▸ Supplied data
------------------------------------------------------------------------

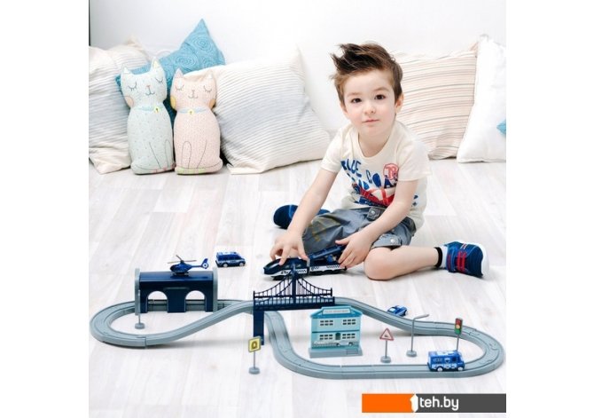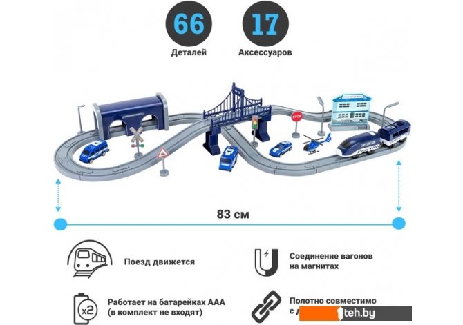 | Информация | Интерактивная железная дорогая из 66 элементов Полицейский участок понравится мальчикам и девочкам от 3 лет. Игрушка изготовлена из прочного и безопасного пластика, устойчивого к механическому воздействию. Локомотив выполнен в современном дизайне в цветах Полиции. Локомотив работает от батареек AAA. При нажатии на кнопку, локомотив самостоятельно поедет по рельсам. В локомотиве открывается кабинка для машиниста, в которую легко можно посадить фигурку полицейского. Вагоны поезда соединяются между собой с помощью надежных магнитов. Большой набор из 66 предметов идеально подходит для самостоятельной игры ребенка, так и игры с друзьями. Комплектация: локомотив, один вагон, железная дорогая, мост, туннель, вертолет, две машинки, здание полиции, дорожные знаки - 6шт. и фигурка полицейского. Все элементы комплекта совместимы с другими сборными моделями железной дороги торговой марки. Юный полицейский сможет прокладывать различные маршруты, строить новые станции и придумывать уникальный ландшафт. Железная дорога - отличный подарок на День рождение, Новый год и любой другой праздник. |
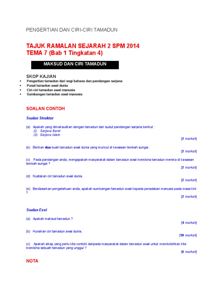 1 2 Nota Ringkas Ciri Ciri Tamadun Spmflix Com Free Spm Tuition
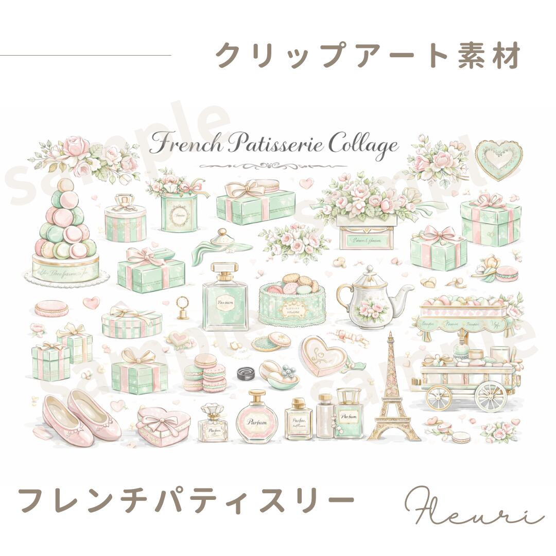 フランス菓子店をイメージしたコラージュ素材セットです。
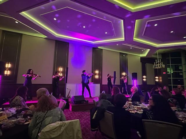 The cultural hall featured a Cabaret setting with elegant table décor, delicious mezza and dessert platters, spectacular lighting, and the dynamic music and performances of the musicians.
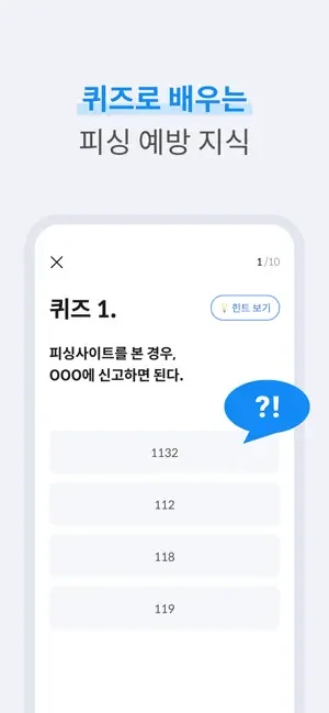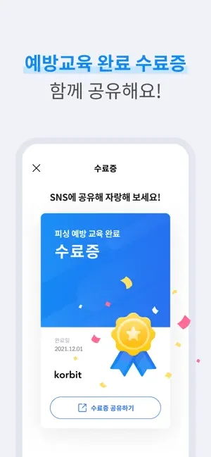 교육 콘텐츠와 웹툰에서 배운 내용을 토대로 피싱 예방 퀴즈를 풀고 수료증을 받으세요.
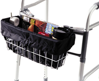 * Sold by each * MSRP: $13.95/ea * HCPCS CODE: N/A * Color: Black * Made of nylon * Dim: 16" x 6" x 7" * Offers privacy & prevents small items from falling through * Features a handy zippered pocket to store personal items,plus dual expandable pouches to hold beverage,cell phone,etc. * Includes an adjustable drawstring to fit most baskets
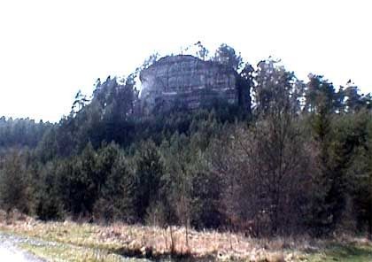 Pískovcový blok se zbytkem hrádku na vrcholu. Jden z dříve nepřístupných Hrádků ve vojenském prostoru Ralsko.
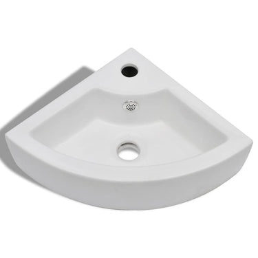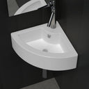 Deze hoekwastafel is gemaakt van keramiek en is een chique en tijdloze aanvulling op elke badkamer, toilet, enz.
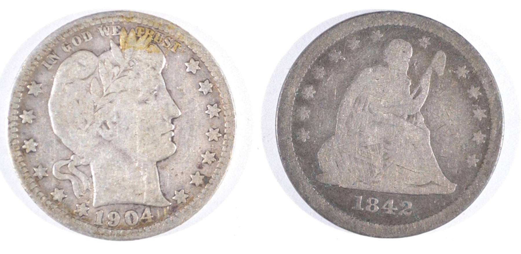 LIBERTY G/VG, 1904-O BARBER FINE ESTIMATE $110 - $120.
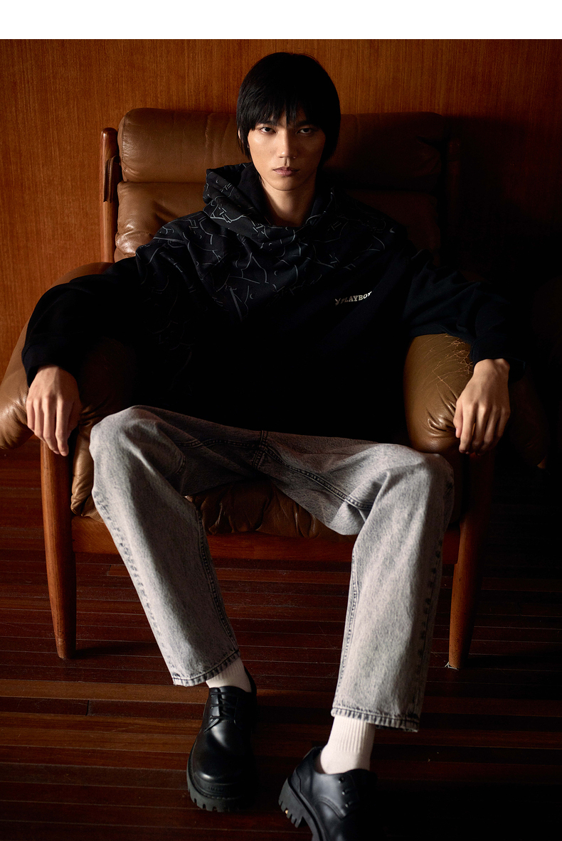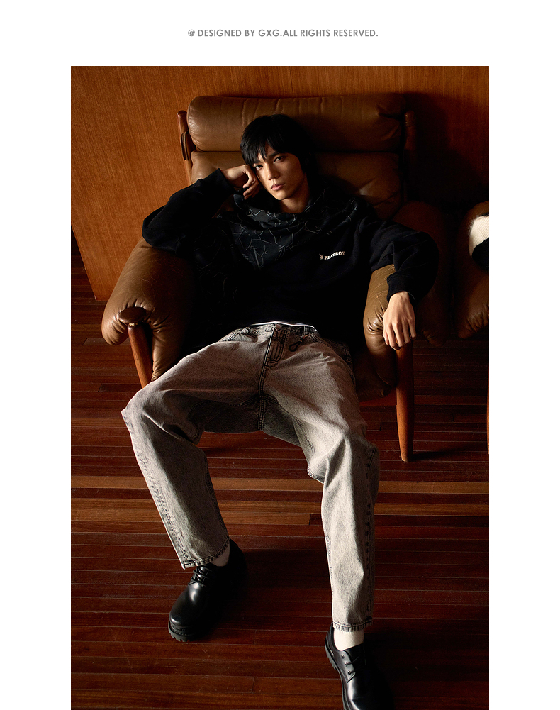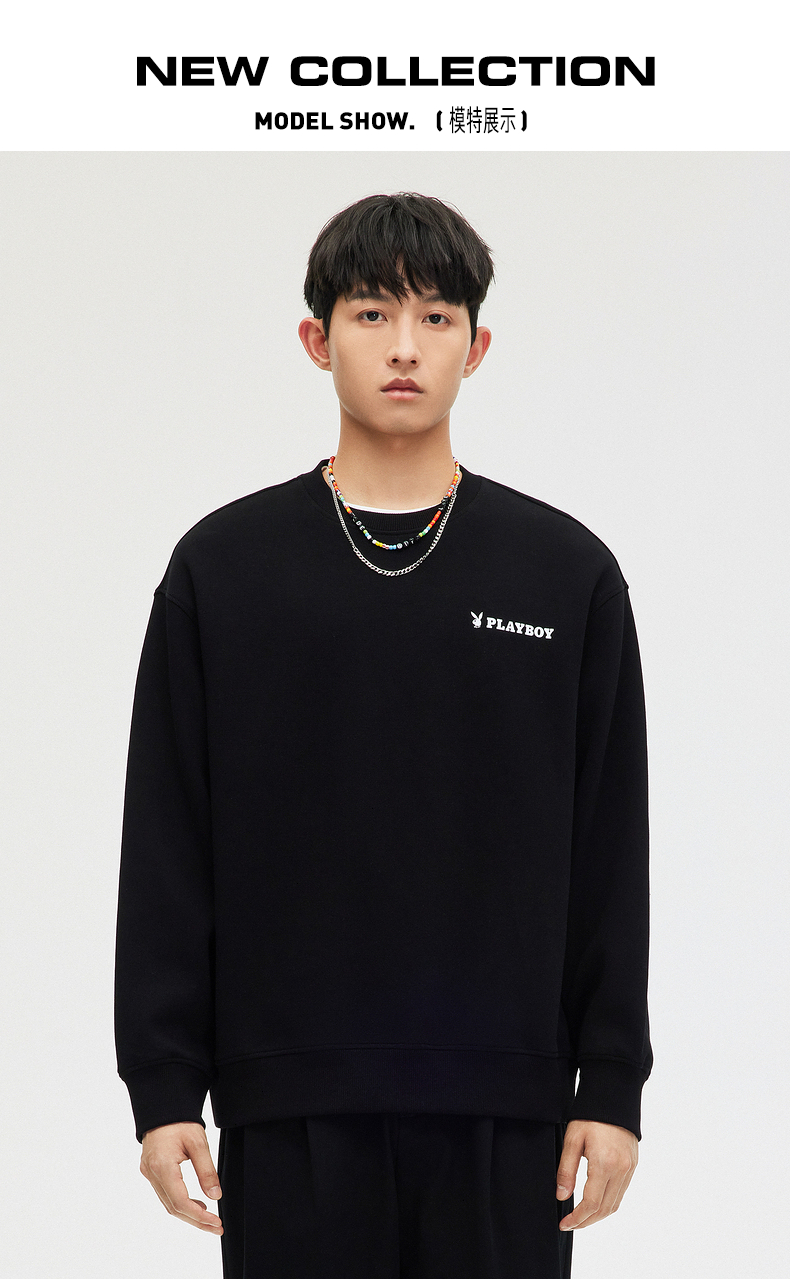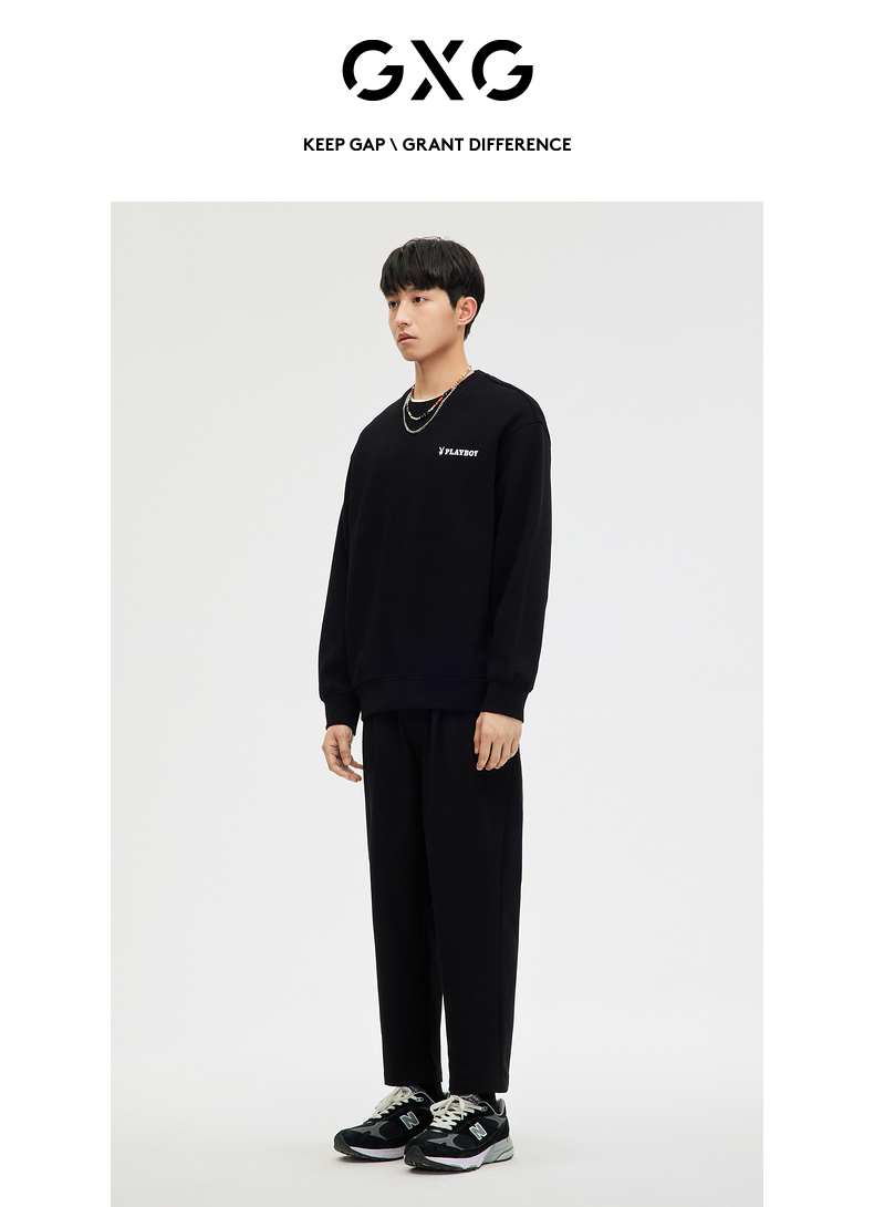GXG男装黑色图案印花卫衣 春季热卖时尚卫衣

------------------------------------------------------------------------

▸ Task directions
The result is an exact copy of the lines from the one holding "LIBERTY G/VG, 1904-O" through the final line of the data above, both ends included, minus the pictures.

▸ Answer space
 LIBERTY G/VG, 1904-O BARBER FINE ESTIMATE $110 - $120.
GXG男装黑色图案印花卫衣 春季热卖时尚卫衣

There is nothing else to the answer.